*About this exercise*:
What you should give back is a precise copy of the lines below from the one containing "Easy-Set Tension TM" through the one containing "Figure 1. Intraoperative", with no pictures.

*Records for the task*:
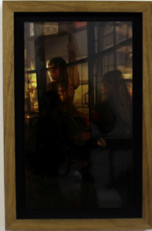
LAETITIA LUPS "Mädchen mit Hornen" 2011 Kunststoff, Holz, Metall 100 x 100 cm Kunststoff, Holz, Metall 100 x 100 cm
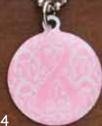
AP-04 Breast Cancer Awareness Blank, Stickers Included 24" Ball Chain
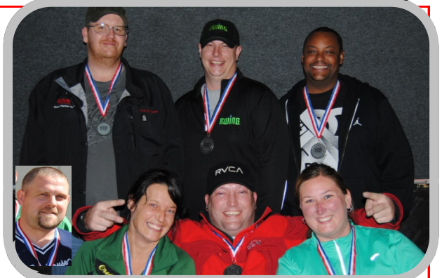
SILVER -- BALLS -N- HAND
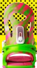
TITAN Line TITAN RK
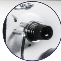
Easy-Set Tension TM
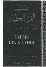
Tafsir Ibn Kathir Volume 2
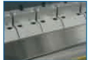
Fingers are hardened & ground
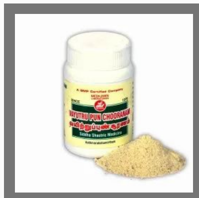
Vayutru Pun Chooranam
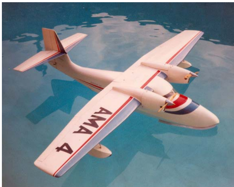
Irwin's Widgeon RC model in January 1986.
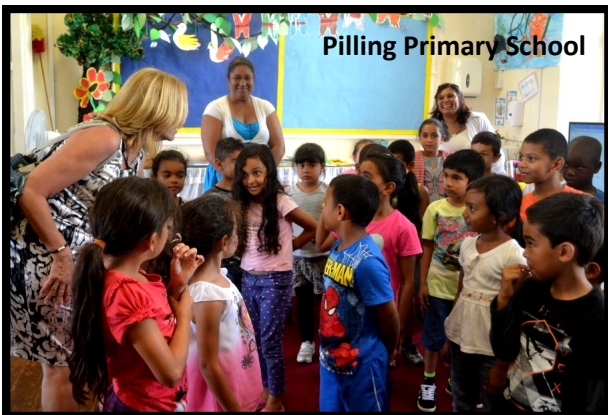
Pilling Primary School
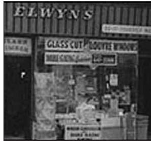
The Elwyns store in Carshalton when it first opened in 1963.

and snacks, have a look at a fantastic new range of front doors and windows and pick up some great deals.
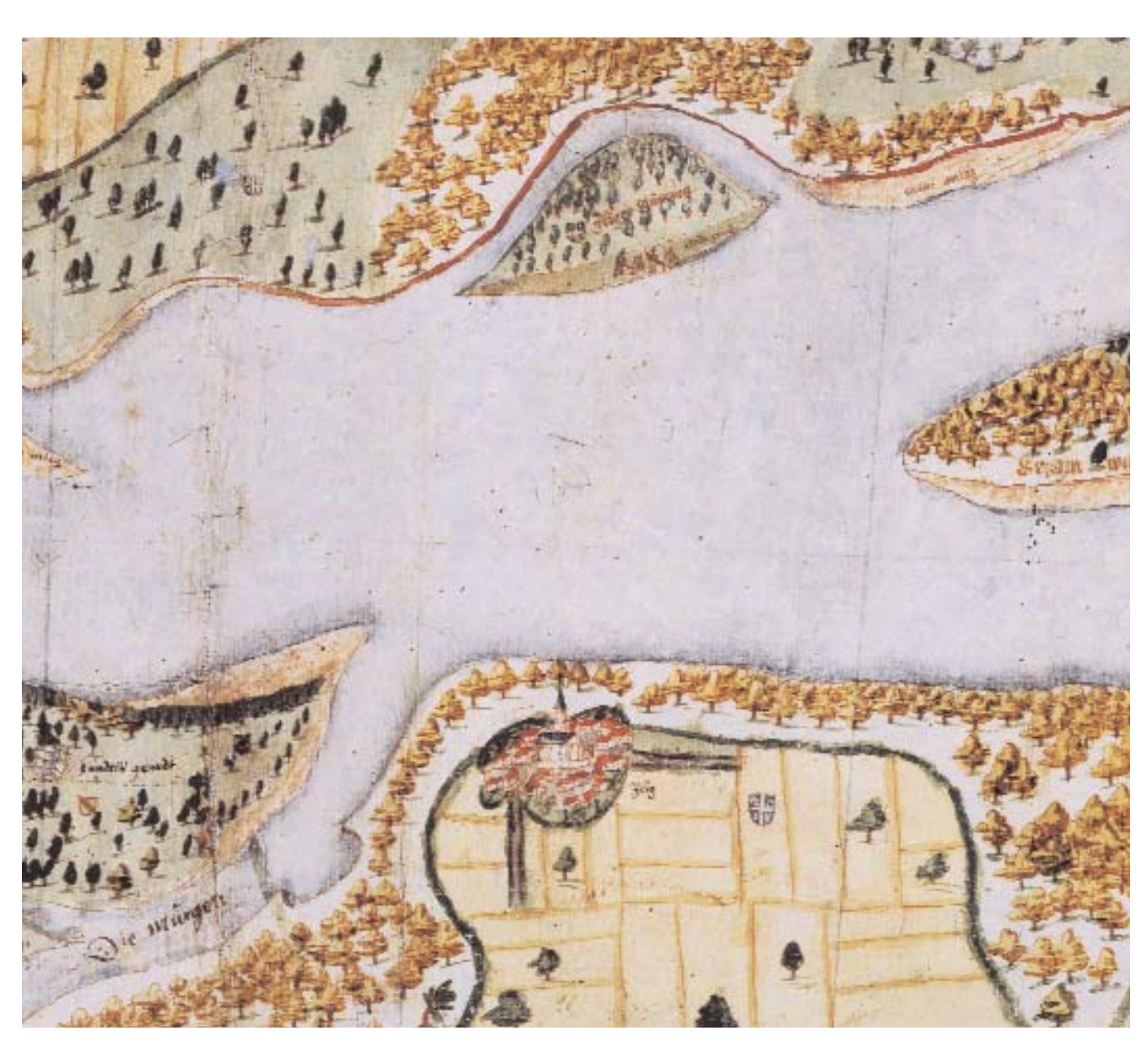
Rhine map from Kurpfalz, ca. 1595
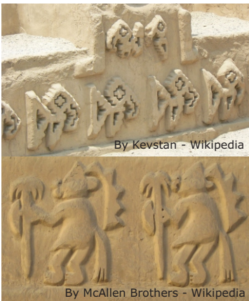
By Kevstan - Wikipedia
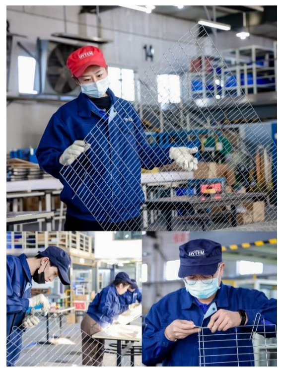
Cage mesh bending and QC(Quality Control) competition
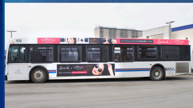
KING + HEADLINER
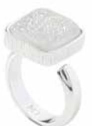
KJ28WLTR(L)-RH KJ22WLTR(S)-RH Rhodium-Plated Bronze White Titanium Coated Dreusy Agate Ring
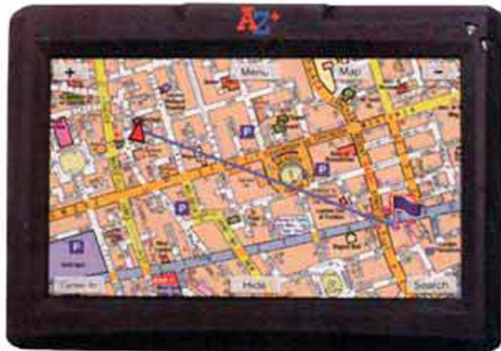
Designed for taxi drivers

Last year following a series of attacks and assaults on cab drivers, the LTDA ran a free course of Krav Maga self-defence classes for members. These were an enormous success and many of the
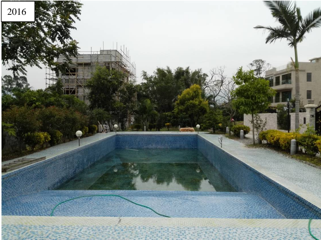
Figure 4. Cont'd.
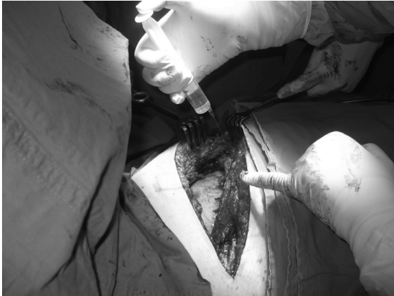
Figure 1. Intraoperative intercostal block. Intercostal nerve in the thoracotomy wound and nerves below and above thoracotomy wound were infiltrated using 5 mL bupivacaine 0.5% per intercostal space.

12). Such early suppression of pain stimuli effectively reduces an occurrence of acute postoperative pain (12) and significantly reduces postoperative analgesic drug consumption (13, 14).
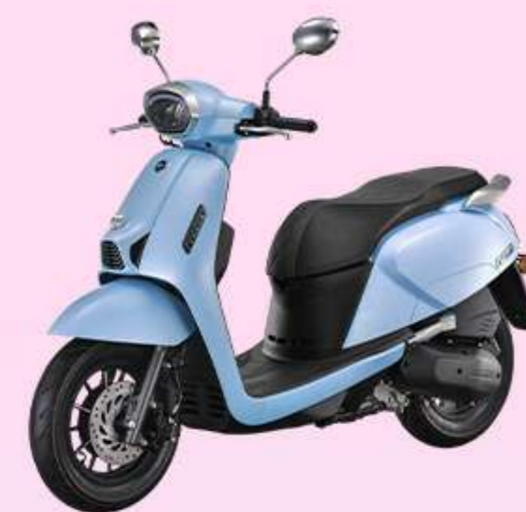
◆ SKY BLUE
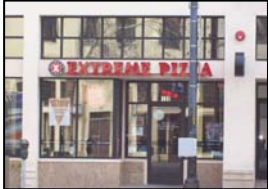
Downtown sign #3 – just the right amount

*Your solution*:
Easy-Set Tension TM
Tafsir Ibn Kathir Volume 2
Fingers are hardened & ground
Vayutru Pun Chooranam
Irwin's Widgeon RC model in January 1986.
Pilling Primary School
The Elwyns store in Carshalton when it first opened in 1963.

and snacks, have a look at a fantastic new range of front doors and windows and pick up some great deals.
Rhine map from Kurpfalz, ca. 1595
By Kevstan - Wikipedia
Cage mesh bending and QC(Quality Control) competition
KING + HEADLINER
KJ28WLTR(L)-RH KJ22WLTR(S)-RH Rhodium-Plated Bronze White Titanium Coated Dreusy Agate Ring
Designed for taxi drivers

Last year following a series of attacks and assaults on cab drivers, the LTDA ran a free course of Krav Maga self-defence classes for members. These were an enormous success and many of the
Figure 4. Cont'd.
Figure 1. Intraoperative intercostal block. Intercostal nerve in the thoracotomy wound and nerves below and above thoracotomy wound were infiltrated using 5 mL bupivacaine 0.5% per intercostal space.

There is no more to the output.